Data supplied:
------------------------------------------------

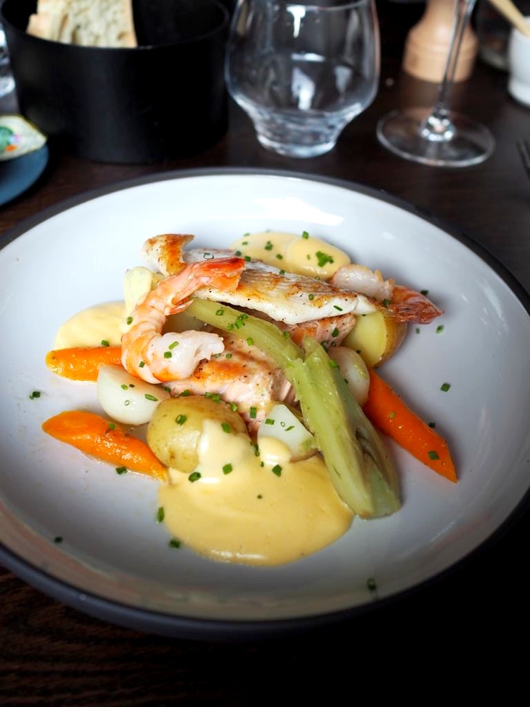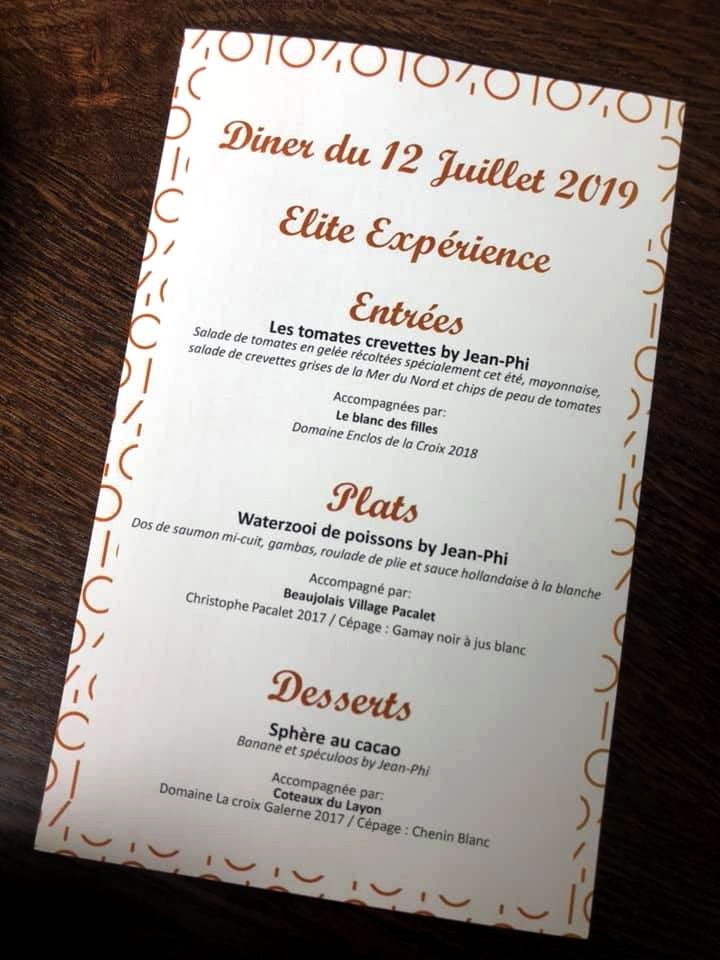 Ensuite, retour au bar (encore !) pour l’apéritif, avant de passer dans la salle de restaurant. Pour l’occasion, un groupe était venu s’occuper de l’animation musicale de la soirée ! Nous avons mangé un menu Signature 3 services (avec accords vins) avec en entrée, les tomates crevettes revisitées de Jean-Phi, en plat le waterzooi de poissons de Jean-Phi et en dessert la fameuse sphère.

------------------------------------------------

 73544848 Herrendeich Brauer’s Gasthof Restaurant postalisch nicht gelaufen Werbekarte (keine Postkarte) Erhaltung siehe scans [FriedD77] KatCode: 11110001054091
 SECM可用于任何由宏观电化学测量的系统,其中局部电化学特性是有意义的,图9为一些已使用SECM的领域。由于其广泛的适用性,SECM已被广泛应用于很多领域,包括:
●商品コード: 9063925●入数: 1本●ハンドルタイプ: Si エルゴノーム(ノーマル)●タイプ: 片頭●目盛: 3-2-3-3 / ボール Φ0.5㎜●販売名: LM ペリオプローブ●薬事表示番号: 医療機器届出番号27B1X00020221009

------------------------------------------------

What you are asked to do: Give back precisely the lines above that start at the line containing "SECM可用于任何由宏观电化" and end at the line containing "LM ペリオプローブ●薬事表示番号: 医療機器届出番号27B1X00020221009", inclusive. No other lines belong in the output.

Solution to the exercise:
 SECM可用于任何由宏观电化学测量的系统,其中局部电化学特性是有意义的,图9为一些已使用SECM的领域。由于其广泛的适用性,SECM已被广泛应用于很多领域,包括:
●商品コード: 9063925●入数: 1本●ハンドルタイプ: Si エルゴノーム(ノーマル)●タイプ: 片頭●目盛: 3-2-3-3 / ボール Φ0.5㎜●販売名: LM ペリオプローブ●薬事表示番号: 医療機器届出番号27B1X00020221009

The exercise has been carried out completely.